= Exercise brief =
Starting at the line that contains "bronze hell matt | BZL1 bronze light matt", write out each line through the end of the data below, exactly as it stands. Skip any pictures.

§

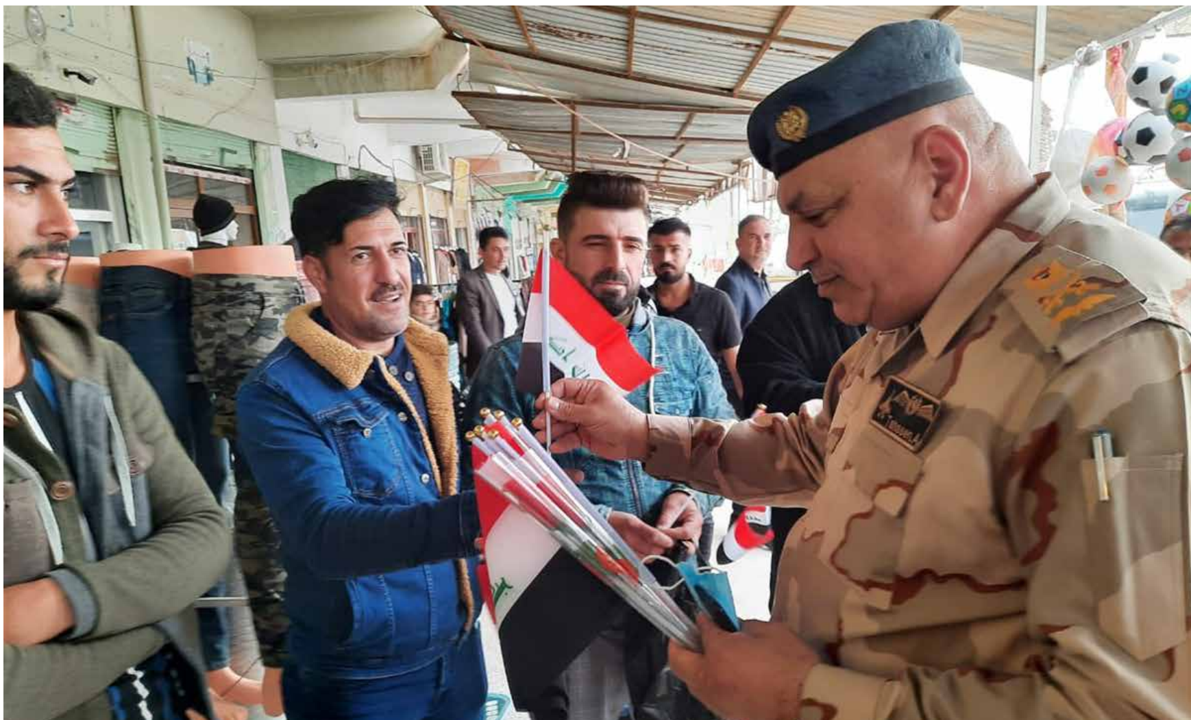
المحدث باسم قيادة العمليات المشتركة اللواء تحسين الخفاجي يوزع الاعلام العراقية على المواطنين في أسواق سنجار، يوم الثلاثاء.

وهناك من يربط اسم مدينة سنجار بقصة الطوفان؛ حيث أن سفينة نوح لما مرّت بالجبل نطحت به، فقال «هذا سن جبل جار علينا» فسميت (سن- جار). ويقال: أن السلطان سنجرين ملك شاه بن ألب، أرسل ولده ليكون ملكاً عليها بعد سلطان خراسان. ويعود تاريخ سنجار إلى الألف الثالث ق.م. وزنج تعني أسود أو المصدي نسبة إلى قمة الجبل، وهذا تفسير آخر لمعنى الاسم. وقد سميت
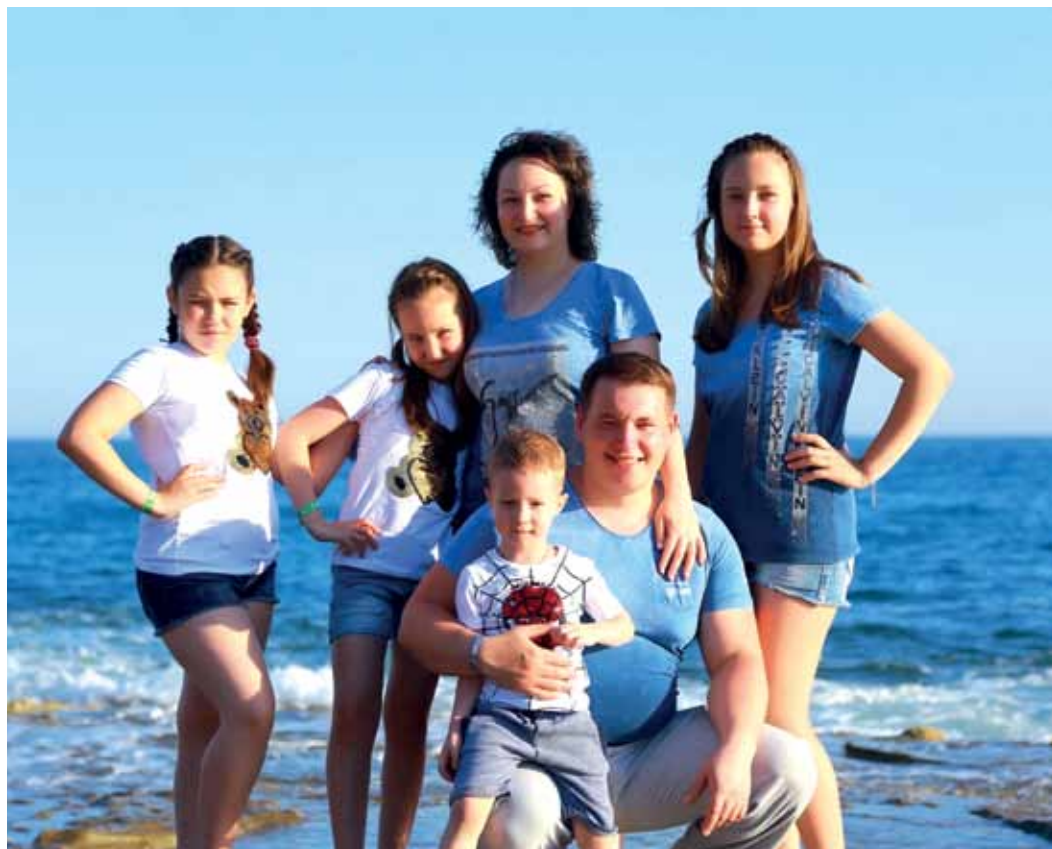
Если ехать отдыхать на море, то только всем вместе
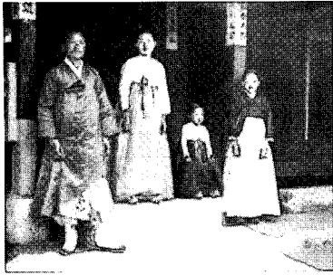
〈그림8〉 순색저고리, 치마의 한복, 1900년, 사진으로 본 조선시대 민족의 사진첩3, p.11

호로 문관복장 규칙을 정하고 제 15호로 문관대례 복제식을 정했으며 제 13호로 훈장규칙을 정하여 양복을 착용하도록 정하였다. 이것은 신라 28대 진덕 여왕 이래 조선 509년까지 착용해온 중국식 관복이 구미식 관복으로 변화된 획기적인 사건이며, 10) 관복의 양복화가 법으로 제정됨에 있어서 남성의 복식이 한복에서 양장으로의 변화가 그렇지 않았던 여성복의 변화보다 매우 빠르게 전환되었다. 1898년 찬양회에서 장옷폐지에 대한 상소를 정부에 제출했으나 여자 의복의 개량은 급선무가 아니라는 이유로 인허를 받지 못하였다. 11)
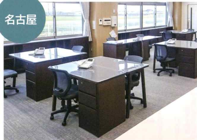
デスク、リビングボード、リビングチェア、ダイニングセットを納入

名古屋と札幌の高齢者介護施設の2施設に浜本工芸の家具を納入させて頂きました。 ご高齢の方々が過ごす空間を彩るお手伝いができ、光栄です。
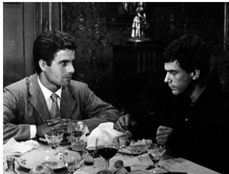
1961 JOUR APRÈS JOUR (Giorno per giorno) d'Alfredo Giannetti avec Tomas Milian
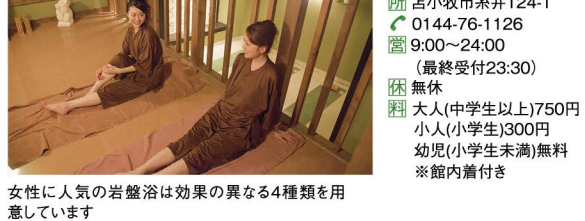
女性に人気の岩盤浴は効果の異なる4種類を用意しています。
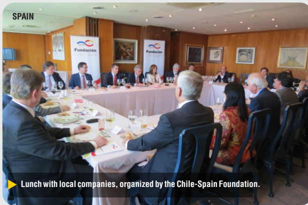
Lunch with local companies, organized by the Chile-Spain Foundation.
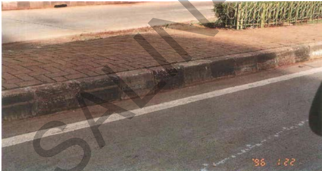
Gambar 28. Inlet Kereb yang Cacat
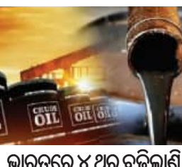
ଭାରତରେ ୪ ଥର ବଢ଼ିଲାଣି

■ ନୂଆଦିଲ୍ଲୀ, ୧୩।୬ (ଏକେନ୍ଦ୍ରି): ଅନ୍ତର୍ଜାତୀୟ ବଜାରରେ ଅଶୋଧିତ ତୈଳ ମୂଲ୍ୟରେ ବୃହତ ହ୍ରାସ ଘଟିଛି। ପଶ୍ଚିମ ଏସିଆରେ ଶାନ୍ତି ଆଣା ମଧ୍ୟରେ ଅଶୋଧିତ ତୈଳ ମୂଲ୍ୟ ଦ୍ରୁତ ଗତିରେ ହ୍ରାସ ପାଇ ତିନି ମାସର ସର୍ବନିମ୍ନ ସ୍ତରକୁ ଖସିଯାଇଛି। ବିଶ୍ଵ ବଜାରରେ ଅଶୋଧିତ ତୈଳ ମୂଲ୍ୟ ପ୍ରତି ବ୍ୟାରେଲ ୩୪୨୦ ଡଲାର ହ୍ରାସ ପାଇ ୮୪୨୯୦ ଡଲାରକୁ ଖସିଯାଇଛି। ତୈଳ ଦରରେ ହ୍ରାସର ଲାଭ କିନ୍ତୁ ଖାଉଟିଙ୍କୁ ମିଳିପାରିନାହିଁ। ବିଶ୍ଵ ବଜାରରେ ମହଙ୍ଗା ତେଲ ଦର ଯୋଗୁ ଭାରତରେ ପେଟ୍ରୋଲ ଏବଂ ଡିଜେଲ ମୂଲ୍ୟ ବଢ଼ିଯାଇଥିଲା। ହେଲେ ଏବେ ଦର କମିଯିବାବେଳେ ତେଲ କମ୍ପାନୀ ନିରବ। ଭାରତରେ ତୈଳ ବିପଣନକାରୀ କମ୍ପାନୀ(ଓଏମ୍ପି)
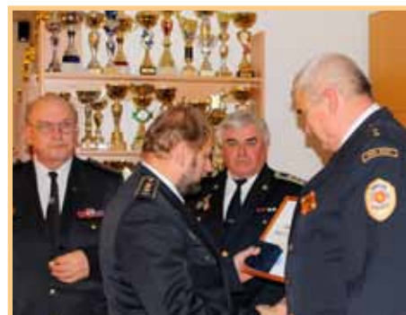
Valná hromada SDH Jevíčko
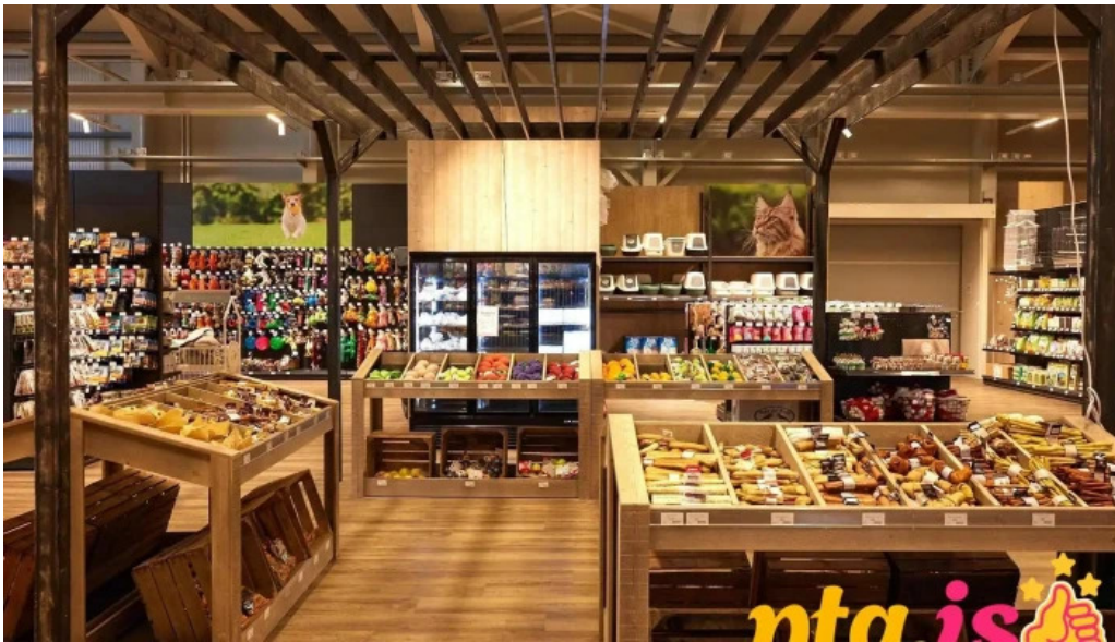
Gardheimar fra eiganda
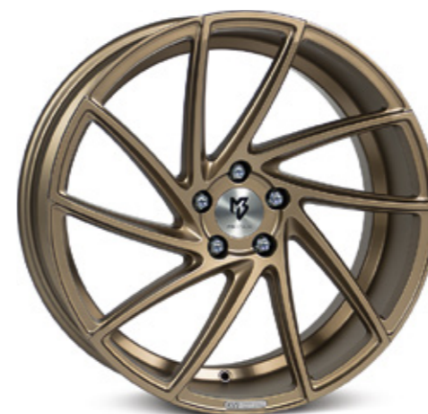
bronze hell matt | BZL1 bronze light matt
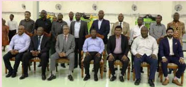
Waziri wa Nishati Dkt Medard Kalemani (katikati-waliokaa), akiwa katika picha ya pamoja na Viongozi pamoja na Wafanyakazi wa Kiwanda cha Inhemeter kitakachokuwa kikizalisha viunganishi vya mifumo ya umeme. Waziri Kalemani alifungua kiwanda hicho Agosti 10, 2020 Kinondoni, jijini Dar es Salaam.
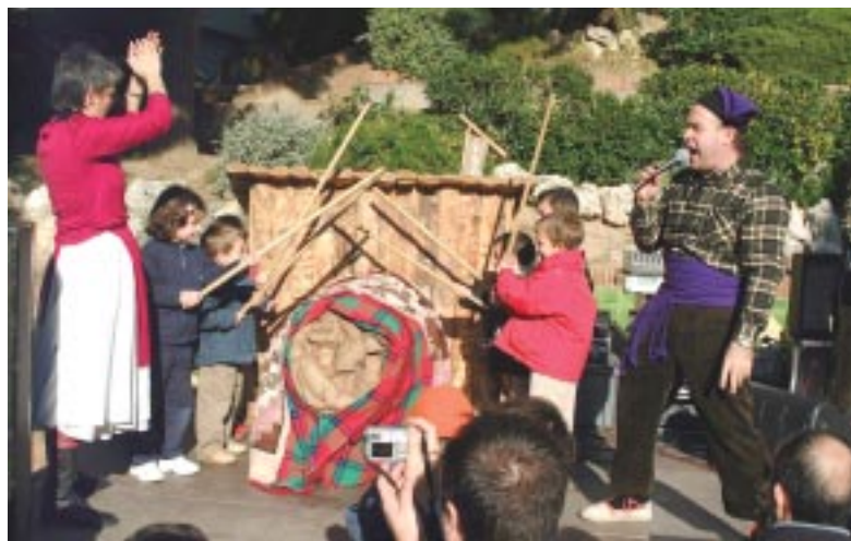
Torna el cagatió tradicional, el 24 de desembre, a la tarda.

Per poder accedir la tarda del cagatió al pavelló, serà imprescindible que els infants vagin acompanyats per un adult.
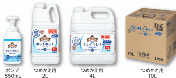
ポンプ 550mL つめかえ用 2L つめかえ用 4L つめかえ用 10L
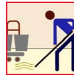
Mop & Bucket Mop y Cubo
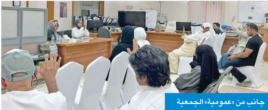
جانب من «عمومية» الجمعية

§

= Exercise response =
bronze hell matt | BZL1 bronze light matt
Waziri wa Nishati Dkt Medard Kalemani (katikati-waliokaa), akiwa katika picha ya pamoja na Viongozi pamoja na Wafanyakazi wa Kiwanda cha Inhemeter kitakachokuwa kikizalisha viunganishi vya mifumo ya umeme. Waziri Kalemani alifungua kiwanda hicho Agosti 10, 2020 Kinondoni, jijini Dar es Salaam.
Torna el cagatió tradicional, el 24 de desembre, a la tarda.

Per poder accedir la tarda del cagatió al pavelló, serà imprescindible que els infants vagin acompanyats per un adult.
ポンプ 550mL つめかえ用 2L つめかえ用 4L つめかえ用 10L
Mop & Bucket Mop y Cubo
جانب من «عمومية» الجمعية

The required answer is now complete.